Abstract

The regulation of phosphoinositide phosphorylation was studied in Swiss 3T3 cells that were stimulated by platelet-derived growth factor (PDGF). Studies with intact cells showed that the mitogen increased the incorporation of 32P into phosphatidylinositol (PtdIns), phosphatidylinositol 4-phosphate (PtdIns-P), and phosphatidylinositol 4,5-bisphosphate (PtdIns-P2) during the cell cycle, with distinct peaks of incorporation for all three phosphoinositides after 1 h, and for PtdIns and PtdIns-P2 after 20 h.

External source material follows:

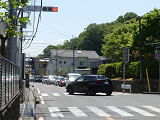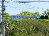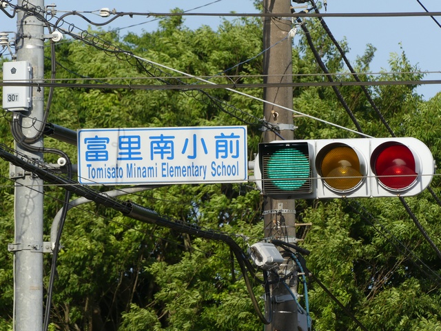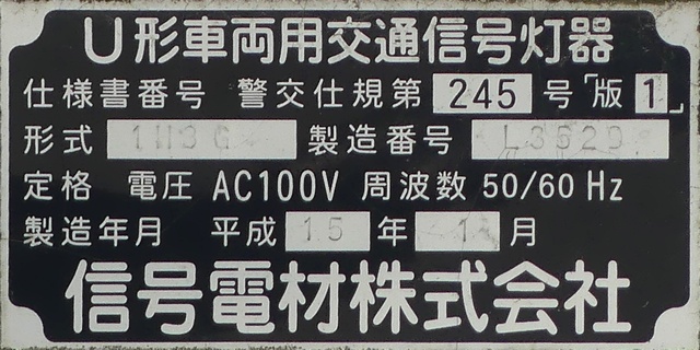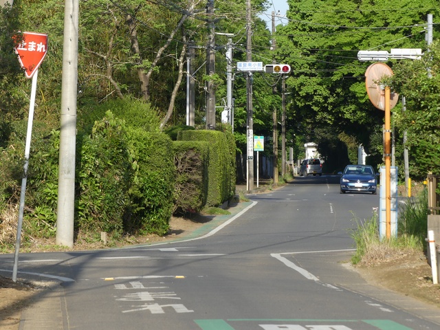 信号交差点の手前に「一時停止」規制があり、その標識を見落とさないよう、青灯のみ距離制限のSD制限フードの灯器が設置されています。制限フードの青灯のみがLED式です。電球式の青灯とSD制限フードの組み合わせでは灯火が暗く見えると判断し、青灯のみLED式としたのでしょうか。

Direct measurements of the activities of PtdIns kinase and PtdIns-P kinase in freeze-thawed cells revealed that the activity of PtdIns kinase was rate-limiting for the synthesis of PtdIns-P2. Maximal activities of PtdIns kinase and PtdIns-P kinase, with exogenous substrates, were unchanged during the 1st h of PDGF treatment, but doubled during the next 24 h. The increase in PtdIns kinase activity began within 2-4 h, exceeded the increase in cell protein, and was abolished by cycloheximide, which suggests that the enzyme was induced specifically in response to PDGF. The increase in activity of PtdIns-P kinase paralleled the increase in cell protein. Dose-response curves for PDGF showed that the activities of PtdIns kinase and PtdIns-P kinase at 24 h increased in proportion to the extent of mitogenic stimulation of the cells. Our results support the conclusion that the activities of PtdIns kinase and PtdIns-P kinase increase in response to PDGF, but only after several hours of cell cycle traverse.